Analyst Pat Moorhead, head of the research firm Moor Insights and Strategy, says FPGA chips are generally used for two things. When designing their products, chip companies often use FPGA chips to create early prototypes to test ideas before those ideas are locked into a final silicon design, their main advantage being their flexibility. They can be tweaked and reprogrammed to try different ideas, he said.

That flexibility also makes FPGA chips like those created by Altera and Xilinx useful in speeding up certain specialized computing work loads. “Because they’re flexible and programmable, you can tune an FPGA chip to do a certain kind of computing job really fast, and then offload that job from the main CPU chip like an Intel Xeon,” Moorhead said. That makes them highly useful in certain demanding environments in data centers. Microsoft has used them to speed up systems powering its Bing search engine, and Google is thought to do the same, though it has never confirmed it.

If Intel reaches a deal to acquire Altera, then it follows that speculation will ramp up about an acquisition of Xilinx.

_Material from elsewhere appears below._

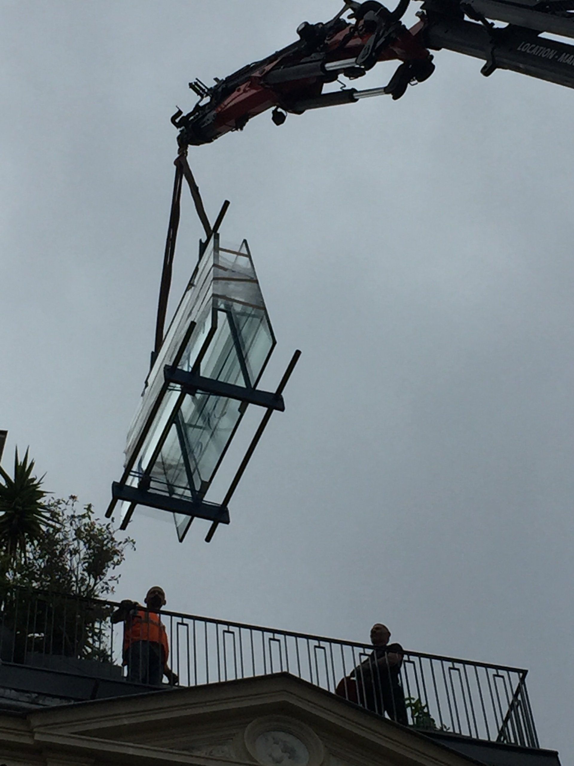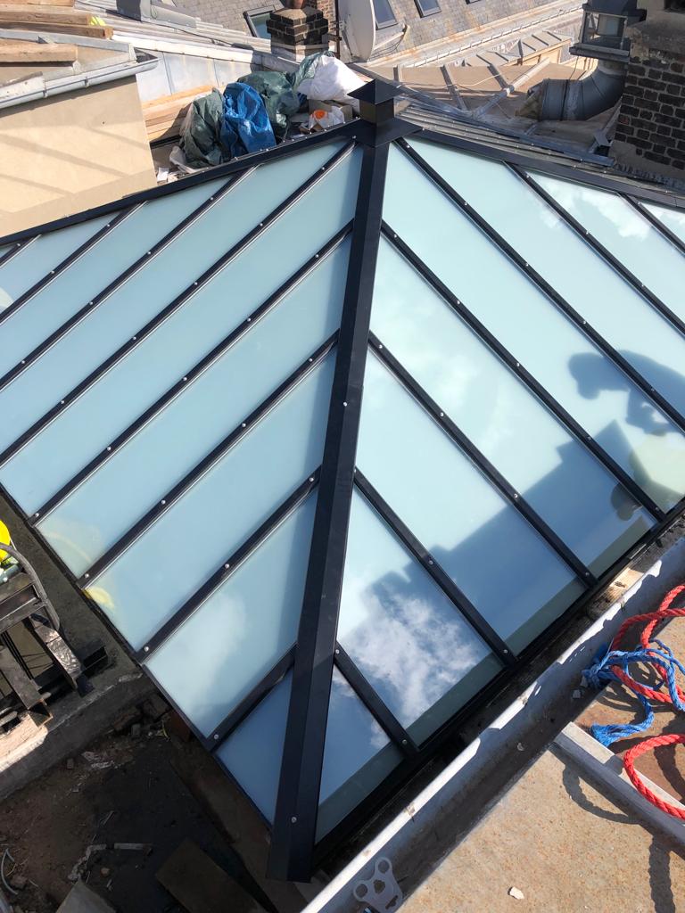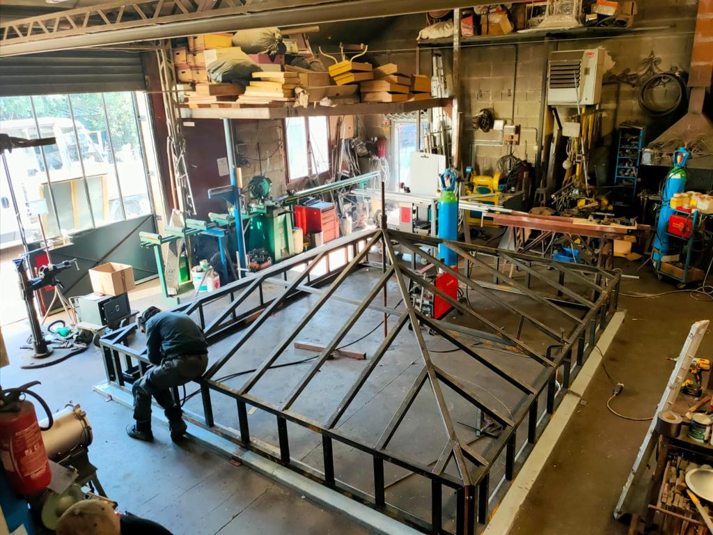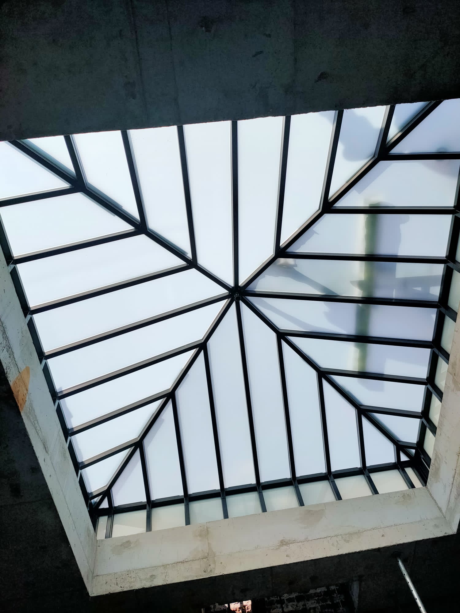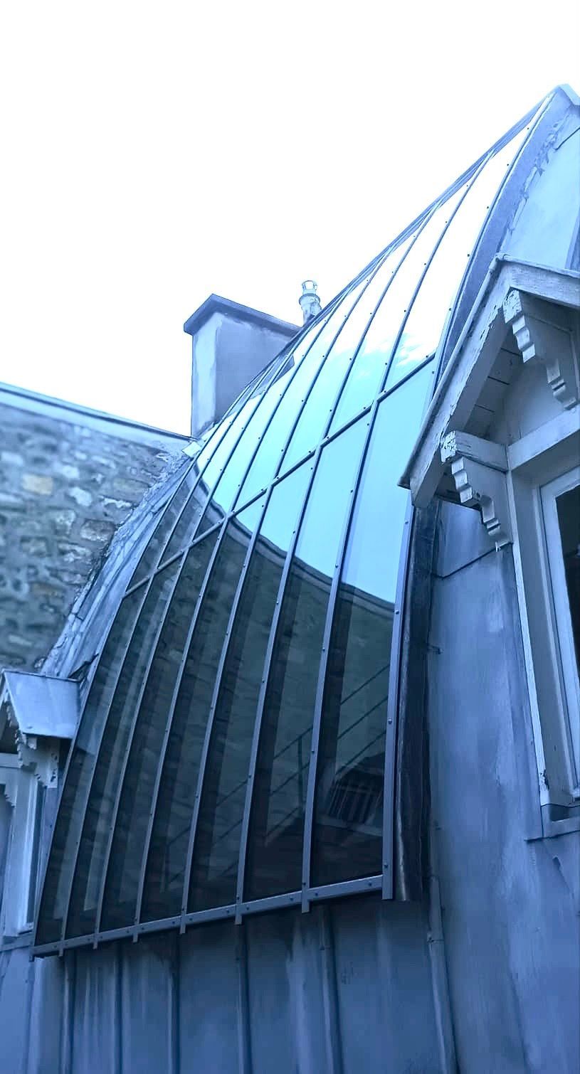 Création d'une verrière bombée avec double vitrage bombé et profils RP Technik. Dim. 6x4m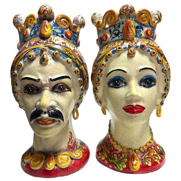 Le teste di Moro sono tipiche dell’arte e dell’artigianato della Sicilia e hanno radici che risalgono all’epoca dell’influenza moresca e araba sull’isola durante il Medioevo. L’arte moresca e araba ha avuto un’influenza significativa sull’architettura, l’artigianato e la cultura siciliana, e le teste di Moro sono un riflesso di questa ereditĂ .

Among the potential buyers are IBM and Qualcomm, Moorhead says.

While IBM no longer owns a chip manufacturing unit, it still has some skin in the chip game. It owns the designs for its Power chips inside its specialized servers. And last year it released the designs of that line as an open-source project, meaning they can be manufactured by anyone with the means to build them.

And like Intel’s Xeon chips, OpenPower chips can work in combination with an FPGA chip, including those produced by Altera and Xilinx.

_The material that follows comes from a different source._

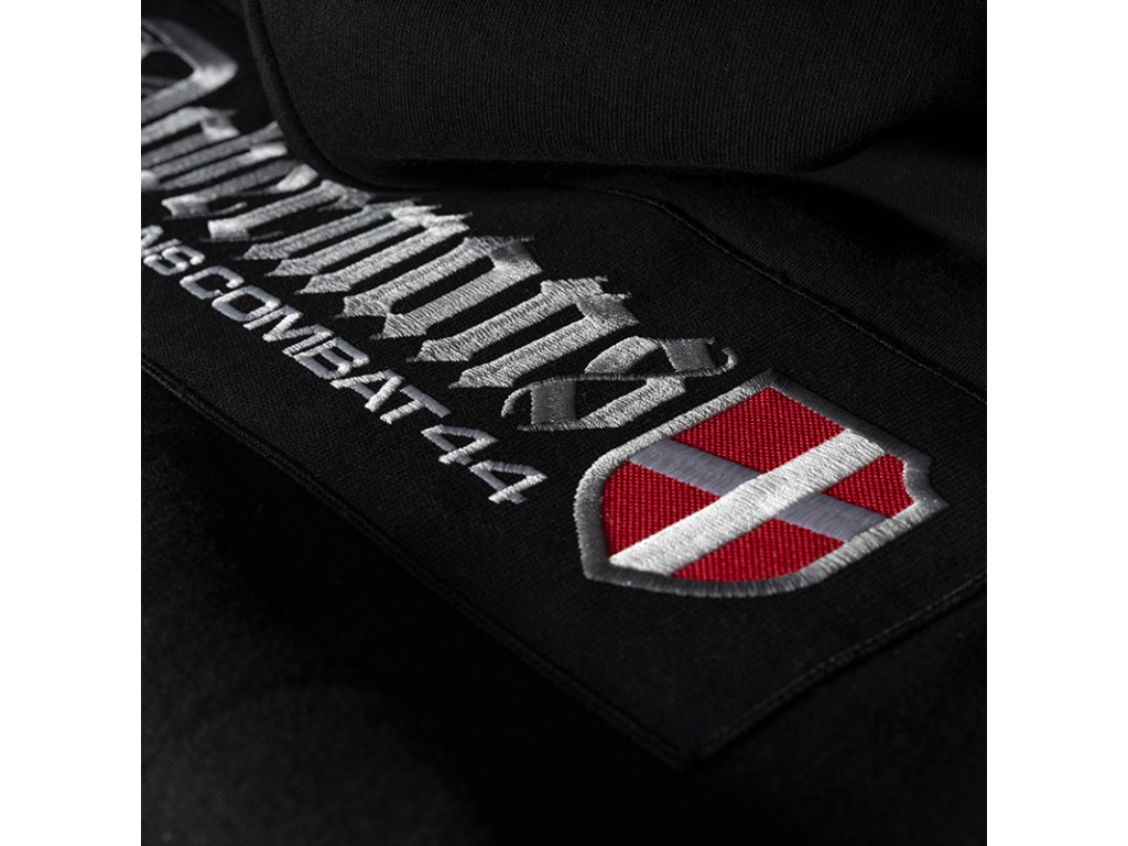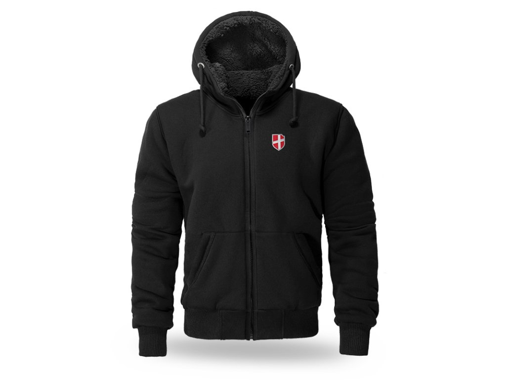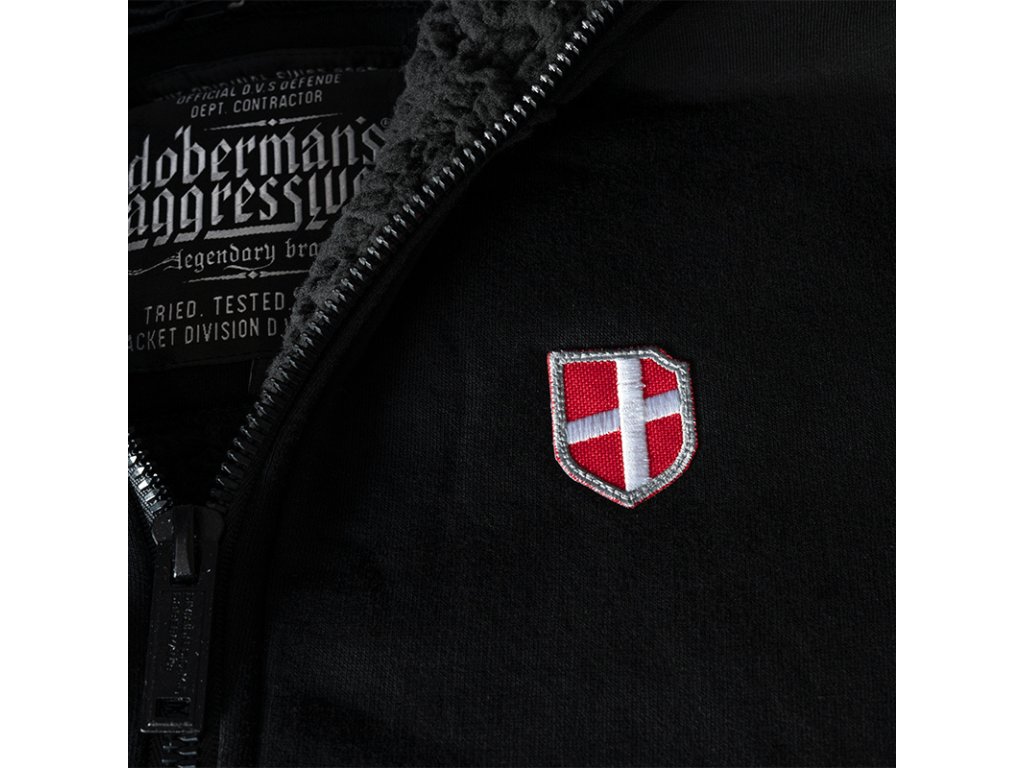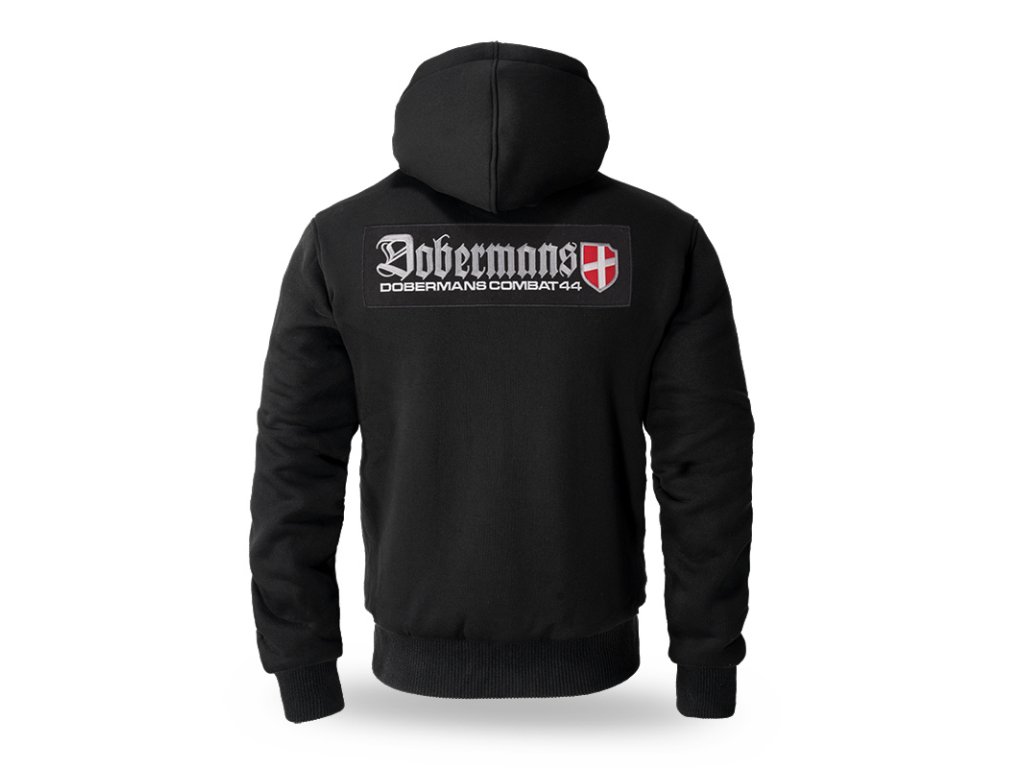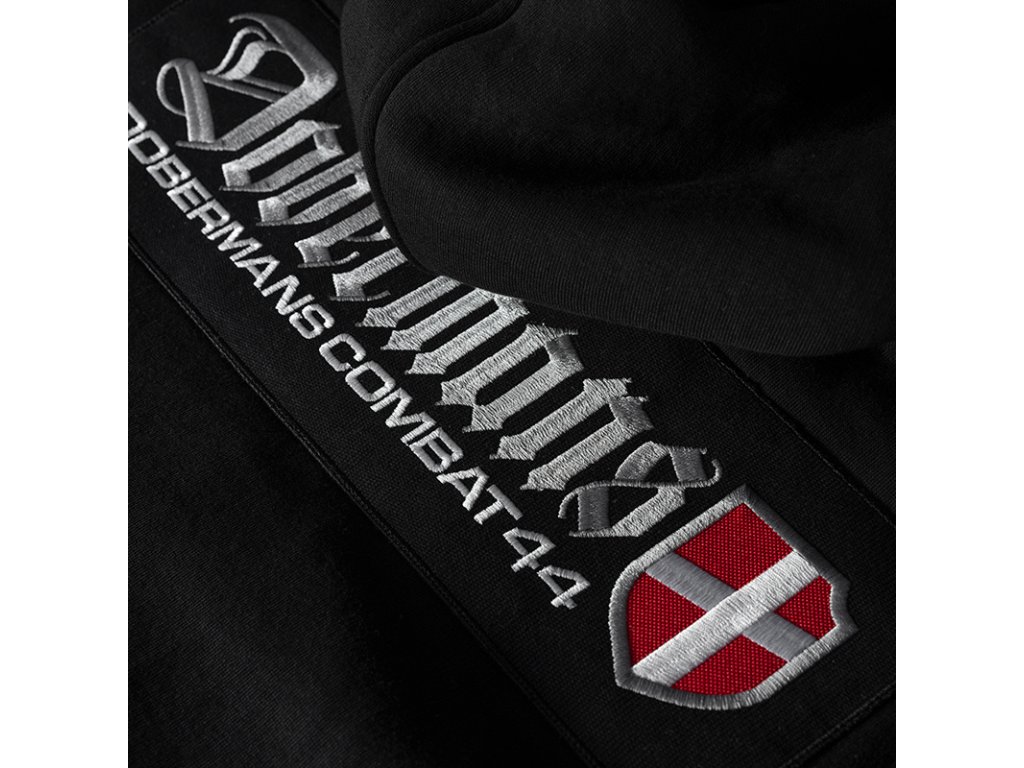 U kapuce šňůrky s kovovým zakončením a šedá firemní cedulka. Model zakončený širokými elastickými stahovacími lemy. Mikina vyrobená z bavlny a podšitá vrstvou kožichu. Na lopatkách široká obdélníková nášivka s vyšívanými prvky: logo Dobermans a znak štítu s křížem v norském stylu. Na levé straně hrudi nevelká vyšívaná nášivka v podobě štítu se stejným vzorem.

“One of the linchpins of IBM’s strategy with OpenPower is that it works with an FPGA chip, and if one of the FPGA players is about to get gobbled up, that means the other might soon follow,” Moorhead said.

Xilinx is worth about $11 billion as of close of trading today, meaning it could be acquired for about $13 billion, give or take. IBM, which has about $8 billion in cash on the balance sheet, would have to take on debt in such a deal, and it would be a big bite.

Another potential buyer is Qualcomm, which last year said it would get into the business of designing server chips based on the ARM architecture. Owning an FPGA chip producer could bolster that business, Moorhead said, and Qualcomm, which has about $18 billion in cash and short-term investments, could potentially afford Xilinx. But even so, Moorhead put Qualcomm lower on the list of likely buyers.